#### Directions
Please say how many lines in the records below contain the word "beauty", giving the number alone.

=-=-=

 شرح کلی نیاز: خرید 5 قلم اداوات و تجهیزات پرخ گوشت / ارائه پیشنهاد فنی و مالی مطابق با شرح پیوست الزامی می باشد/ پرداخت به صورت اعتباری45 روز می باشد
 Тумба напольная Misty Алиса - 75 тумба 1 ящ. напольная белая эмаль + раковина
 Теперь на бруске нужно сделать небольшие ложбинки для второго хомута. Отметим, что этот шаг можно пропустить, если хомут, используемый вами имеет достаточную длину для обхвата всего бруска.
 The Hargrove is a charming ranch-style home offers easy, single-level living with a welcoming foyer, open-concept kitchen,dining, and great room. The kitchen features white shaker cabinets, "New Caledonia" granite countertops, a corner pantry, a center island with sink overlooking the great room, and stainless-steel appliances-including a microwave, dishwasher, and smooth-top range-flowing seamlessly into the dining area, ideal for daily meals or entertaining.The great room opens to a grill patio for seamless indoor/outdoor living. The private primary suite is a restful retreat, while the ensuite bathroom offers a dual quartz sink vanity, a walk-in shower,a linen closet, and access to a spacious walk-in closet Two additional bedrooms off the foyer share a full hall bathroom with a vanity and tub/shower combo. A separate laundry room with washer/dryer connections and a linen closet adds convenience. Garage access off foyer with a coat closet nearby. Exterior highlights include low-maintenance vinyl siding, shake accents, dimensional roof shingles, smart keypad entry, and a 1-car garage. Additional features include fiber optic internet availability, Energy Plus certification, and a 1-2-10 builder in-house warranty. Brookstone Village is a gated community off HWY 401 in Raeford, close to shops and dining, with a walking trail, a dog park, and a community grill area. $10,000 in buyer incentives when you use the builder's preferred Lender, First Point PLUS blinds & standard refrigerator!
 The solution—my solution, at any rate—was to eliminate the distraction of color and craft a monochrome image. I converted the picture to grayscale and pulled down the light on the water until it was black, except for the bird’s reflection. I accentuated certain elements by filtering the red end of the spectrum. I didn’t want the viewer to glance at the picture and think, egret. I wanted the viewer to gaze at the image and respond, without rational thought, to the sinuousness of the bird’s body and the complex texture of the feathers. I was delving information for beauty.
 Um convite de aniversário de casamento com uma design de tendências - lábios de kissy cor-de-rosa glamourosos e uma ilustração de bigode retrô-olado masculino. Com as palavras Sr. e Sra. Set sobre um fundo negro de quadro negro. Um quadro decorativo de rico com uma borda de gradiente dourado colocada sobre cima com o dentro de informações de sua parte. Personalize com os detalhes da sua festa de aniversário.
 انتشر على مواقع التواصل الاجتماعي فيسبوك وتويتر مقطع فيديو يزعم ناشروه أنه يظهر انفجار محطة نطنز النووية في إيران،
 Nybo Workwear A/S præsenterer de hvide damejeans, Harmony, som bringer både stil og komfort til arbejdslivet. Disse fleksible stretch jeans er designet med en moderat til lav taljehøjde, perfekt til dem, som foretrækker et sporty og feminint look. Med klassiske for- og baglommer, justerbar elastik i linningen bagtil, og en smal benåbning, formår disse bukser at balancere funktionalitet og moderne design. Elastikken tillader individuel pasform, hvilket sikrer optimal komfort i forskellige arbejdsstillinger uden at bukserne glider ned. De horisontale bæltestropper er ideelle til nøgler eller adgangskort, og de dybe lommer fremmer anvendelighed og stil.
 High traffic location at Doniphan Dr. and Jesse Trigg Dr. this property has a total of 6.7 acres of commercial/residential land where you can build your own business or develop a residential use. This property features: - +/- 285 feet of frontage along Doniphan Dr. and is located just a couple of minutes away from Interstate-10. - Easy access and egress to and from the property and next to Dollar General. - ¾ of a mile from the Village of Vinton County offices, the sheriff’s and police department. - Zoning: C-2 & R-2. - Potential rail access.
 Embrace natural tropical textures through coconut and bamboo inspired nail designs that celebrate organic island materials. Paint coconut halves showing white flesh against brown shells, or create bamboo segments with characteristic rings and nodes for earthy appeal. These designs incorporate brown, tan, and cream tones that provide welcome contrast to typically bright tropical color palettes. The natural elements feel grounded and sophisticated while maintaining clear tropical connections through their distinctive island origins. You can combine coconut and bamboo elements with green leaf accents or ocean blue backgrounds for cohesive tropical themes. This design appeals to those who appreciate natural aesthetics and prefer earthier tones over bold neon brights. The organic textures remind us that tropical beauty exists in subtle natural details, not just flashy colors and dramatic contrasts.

=-=-=

#### Exercise output
2